Dengan senyum tipis, Kurose-san mengangkat wajahnya. Garis pandangnya disambut oleh bulan sabit yang mengambang rendah di langit malam.

“... Aku benar-benar mengagumi Luna, iya ‘kan? Jadi aku menginginkan sesuatu yang disukai oleh Luna. Mungkin tidak harus mengenai Chi-chan saja.”

Lalu dia menertawakanku yang mendengarkan dalam diam.

“Kami berdua benar-benar tidak mirip, iya ‘kan?”

“U-Umm …”

“Hanya karena terlihat imut, bukan berarti bisa membuat seseorang populer. Orang-orang menyukainya karena Luna adalah Luna. Itulah bakat alami yang dimiliki Luna.”

Kurose-san jadi sering berbicara jika membahas mengenai Luna. Meskipun kami menempati jumlah percakapan yang sama dalam streaming game, tapi ketika berkaitan dengan Luna, dia jadi lebih sering berbicara karena mungkin dia memiliki banyak informasi tentang Luna.

Dan kupikir itu tidak mengherankan karena dia ingin membicarakannya.

Benar sekali.

Kurose-san sangat menyayangi Luna. Bahkan sekarangpun masih sama.

Sedemikian rupanya sehingga dia sangat ingin membicarakannya kepada seseorang.

“Aku merasa iri pada cLuna ... Aku tidak memiliki bakat yang disukai orang.”

Sosoknya yang menatap bulan dan memberitahuku bagaimana perasaannya, terlihat memilukan.

Menurutku dia adalah gadis yang cantik.

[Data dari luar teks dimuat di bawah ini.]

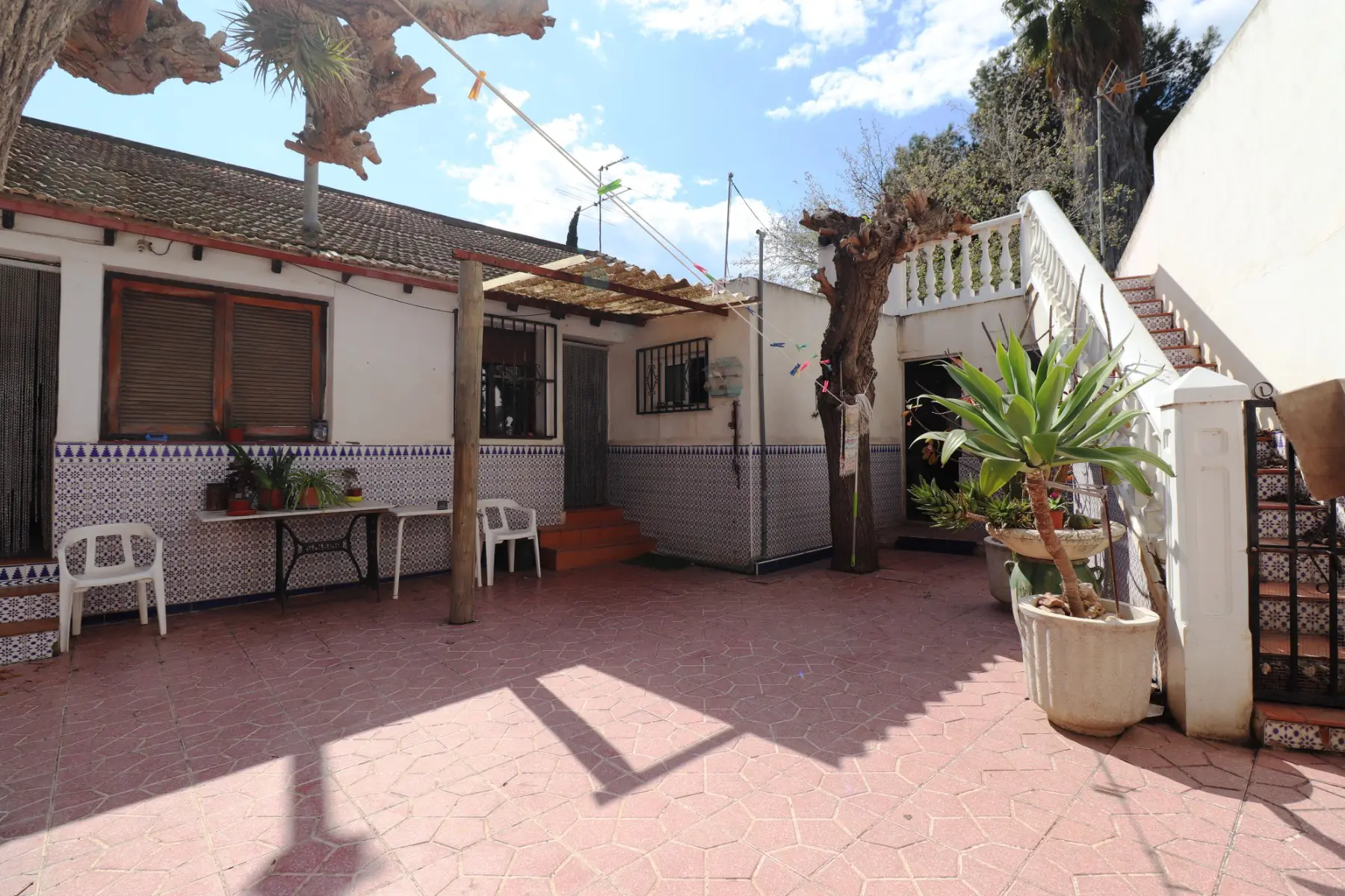 This single-level Spanish-style villa is positioned on a sizable 999m² plot, presenting various possibilities. The main house comprises 182m² of living space, including a lounge equipped with a fireplace, a family-sized kitchen, two double bedrooms, one single bedroom, and a family shower room.

Dari dulu, hingga sekarang.

Aku sangat ingin melihat sosoknya ini. Empat tahun yang lalu ketika aku memegang secercah harapan dengan menyatakan perasaanku padanya, tapi hal tersebut cepat berlalu dan hancur berantakan.

“... Itu sama sekali tidak benar, kok. Sejak kelas satu SMP, Kurose-san sangat populer.”

Aku memberitahu hal itu sembari mengingat waktu itu dengan kepahitan di belakang tenggorokanku.

Jika bukan karena patah hati itu, aku takkan menjadi diriku yang sekarang.

Aku sudah siap untuk ditolak sama seperti waktu itu, jadi aku bisa menyatakan perasaanku pada Luna untuk mengakhiri cinta tak berbalasku yang sembrono sesegera mungkin.

Masa kini adalah kelanjutan dari masa lalu.

Aku memang “tidak punya pengalaman”, tapi bukan berarti aku tidak pernah merasakan jatuh cinta.

Jika menyebut proses jatuh cinta pada seseorang hingga rasa itu terkubur sebagai “cinta”, maka aku sedang jatuh cinta dengan indahnya.

Aku memberimu cinta pertamaku.

Hal itu mungkin sesuatu yang tidak kamu inginkan.

Meski begitu, aku tidak menyesal karena sudah jatuh cinta padamu.

“... Masa kelas 1 SMP, ya?”

Kurose-san bergumam pelan, seolah ingin mengunyah kata-kataku.

“Pada saat itu, aku penuh dengan kebohongan.”

Kurose-san menatapku dengan senyum yang mencela diri.

“Waktu itu aku bertingkah ‘sebagai gadis yang mirip seperti Luna'. Itu sebabnya, kurasa orang yang membuat Kashima-kun jatuh cinta adalah Luna.”

“... Tidak, itu sama sekali tidak benar.”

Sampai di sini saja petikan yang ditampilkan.